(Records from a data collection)
..............................

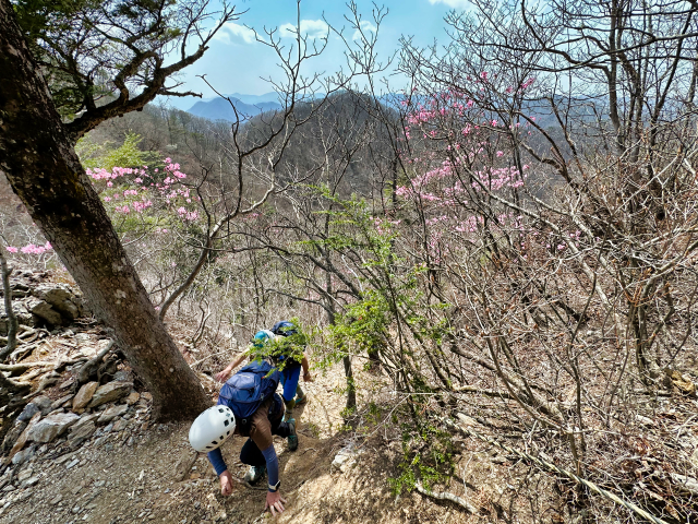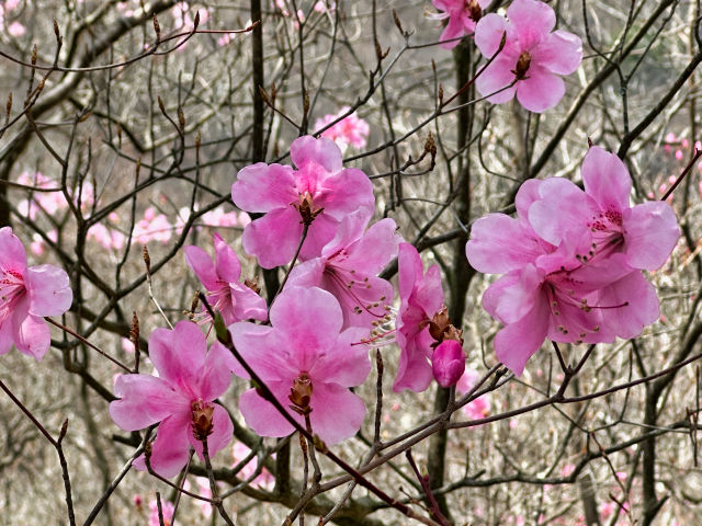 入山した時は、ちょっとしか咲いていていなかったアカヤシオは、1日で一気に満開に〜
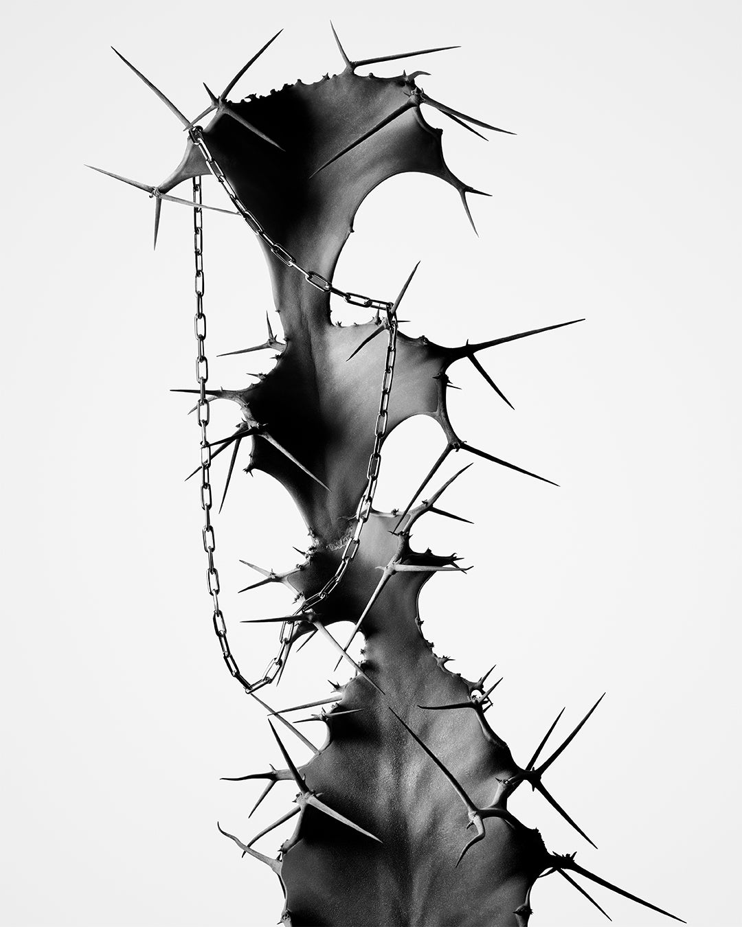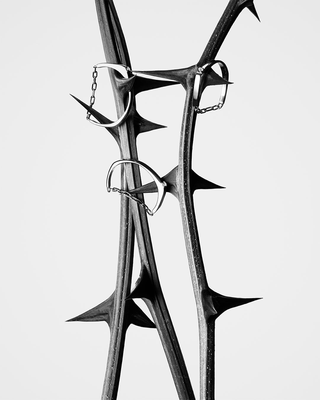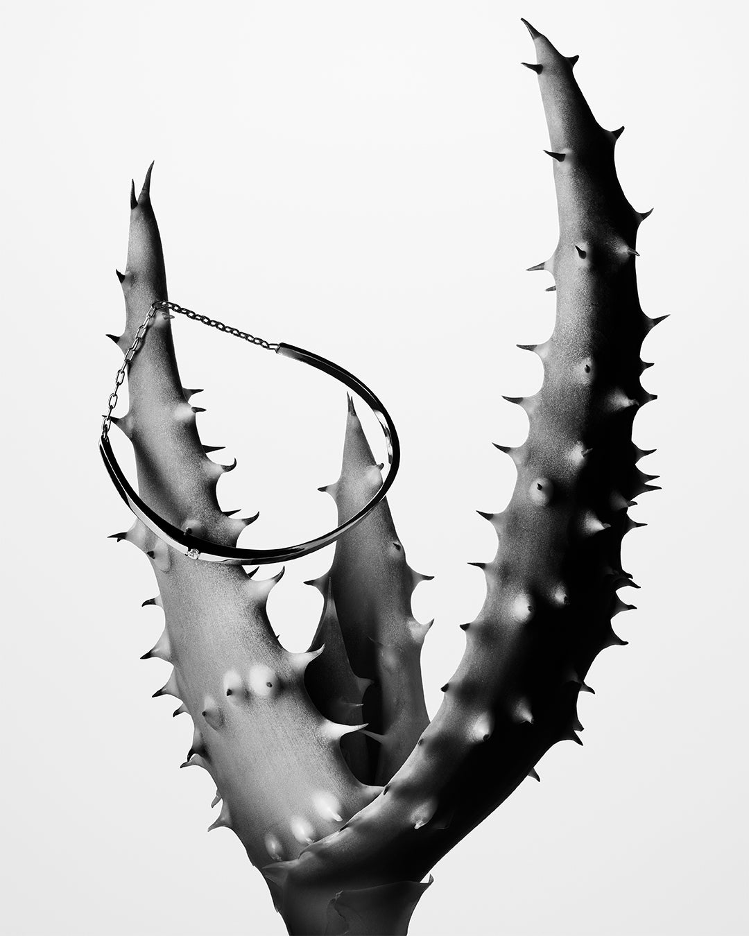 With THORNS, Guido Mocafico crafts a precise visual language that frames jewelry within nature’s own design. Each composition presents desert and succulent plants, including teasel, acacia, aloe marothii, and cow’s horn plant, as sculptural counterparts to TOTEME’s jewelry. The pairing of organic forms with the collection’s clean lines and refined materiality reflects nature’s sculptural mastery and the jewelry's precise design language. The dialogue of shapes, distinct yet delicate, imbues the jewelry with a sense of resilience. Through Mocafico’s lens, jewelry and plants resonate with a shared essence of refinement and depth.
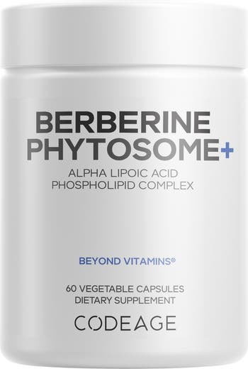 Codeage Berberine Phytosome+ supplement features Berberine HCL derived from Indian Barberry extract and Alpha Lipoic Acid. This formula also includes a phospholipid complex. Each bottle provides a 2-month supply.
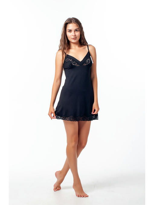 Сорочка женская, вискоза, цвет черный, чуть выше колен. Регулируемые бретели_
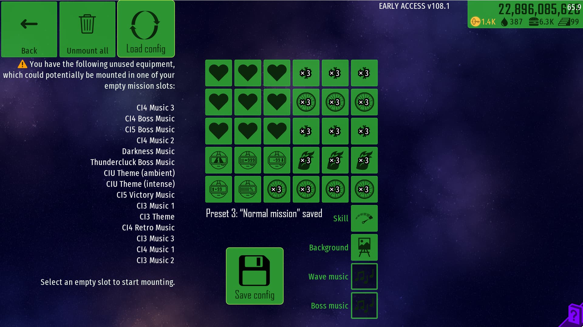This version is much more compact and less complex. Rather than having to manually save each different config, each config will have a dedicated button (A to E, shown underneath the config). Even though I’m concerned that this might be more vague and confusing for other players (plus I think my original concept looked cooler, gotta have some pride in your ideas), I think this would be a much more optimal choice while not sacrificing too much elegance. And I might not know much about programming, but I’m sure this would be easier to implement if iA were to add it.
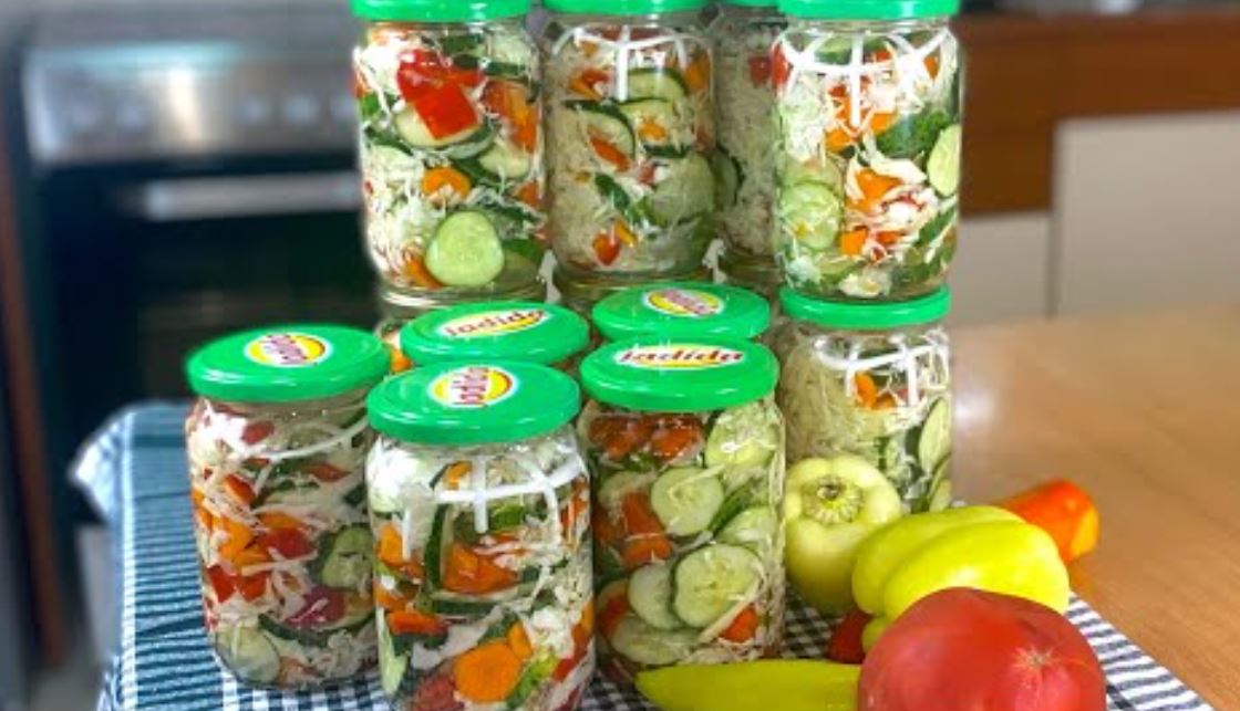 Šarena salata za zimu Sastojci: 2kg kupusa 2 kg paprika 2kg krastavčića 1kg šargarepe Priprema: Povrce iseckati, zatim redjati u sterilisane tegle. I svaku teglu…
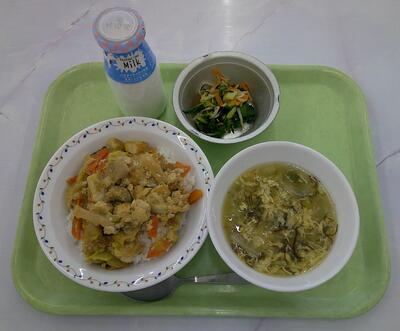 今日の主食は「家常豆腐丼」です。中国四川省の料理で、「家庭で日常的に食べられている豆腐料理」という意味をもつ、豆腐を使った炒め煮の料理です。
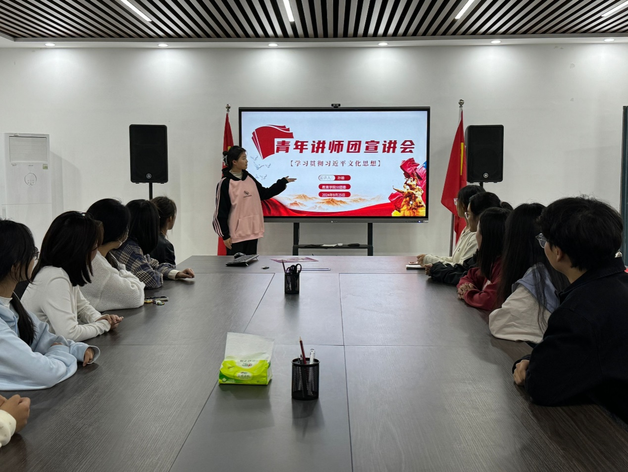 为学习贯彻习近平文化思想,增强我院师生的文化自觉与自信,我院分团委于9月25日在Z楼411会议室开展主题青年讲师团宣讲会。由分团委兼职副书记孙瑜担任宣讲人,共28名团支书参会。
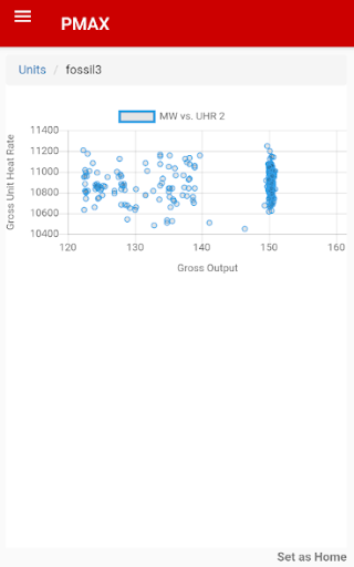 • A graph of the most recent 24 hours of unit gross heat rate versus gross generation can be displayed for any listed unit.
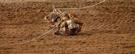 A calf falls to the dusty ground after being caught by ropes at a team event at an Australian outback country rodeo

..............................

• _Action item_: Each line from the line containing "为学习贯彻习近平文化思想,增" through the final line of the data above must be retyped exactly; nothing else, and no pictures, may appear.

• _Result of this task_:
 为学习贯彻习近平文化思想,增强我院师生的文化自觉与自信,我院分团委于9月25日在Z楼411会议室开展主题青年讲师团宣讲会。由分团委兼职副书记孙瑜担任宣讲人,共28名团支书参会。
 • A graph of the most recent 24 hours of unit gross heat rate versus gross generation can be displayed for any listed unit.
 A calf falls to the dusty ground after being caught by ropes at a team event at an Australian outback country rodeo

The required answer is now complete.